To counterbalance the individuality bent, Wilhelm uses the dystopian setting to remind readers of an inherently bigger picture. Sure, cloning could present a threat to individuality as we currently know it, but how much does that matter when the human race is facing extinction? According to most Western civilizations, humans are inherently individual, but Wilhelm reminds us that individuality is not our defining trait. Humans are also defined by our desire to move forward, desperate to not only survive, but progress, at all costs, making us deeply utilitarian on some base level. Wilhelm zooms in and out of these ideas effortlessly, showing the reader as many angles as possible.

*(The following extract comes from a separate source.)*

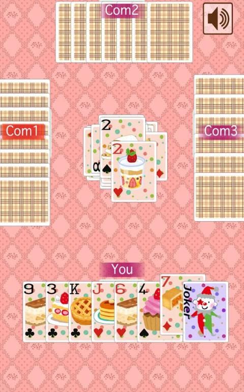 Permainan kartu “Old Maid” bermain dengan kartu yang menampilkan "Kue".

Philosophically, that’s all fascinating, but I wouldn’t be able to read it in a day and a half if it weren’t brilliantly written as well. The plot, the characters, the psychology, these are all incredibly strong points in this book. I can’t explain why they’re so great without spoiling anything, but just know that David and the Sumner’s are just the beginning.
What I Disliked:
The last four pages.
At the very end of the book, Wilhelm takes a clear philosophical stance, effectively cutting off the experimental tone that made the rest of the book so poignant and unique. It’s not that I wanted Where Late the Sweet Birds Sang to be anything it wasn’t; I was never under any illusion that this was a human story that discussed science and philosophy and politics. This is an inherently political story, and while the characters are empathetic and well-written, they were never the point.
Wilhelm presents the book almost like a thought experiment, forever keeping philosophical options open. In the last four pages, she slams the door, and it makes you wonder if she’s been steering you this direction the whole time, if it was ever as open-ended as it felt. Sadly, it becomes one of the worst kinds of endings: one that taints the rest of the book retroactively.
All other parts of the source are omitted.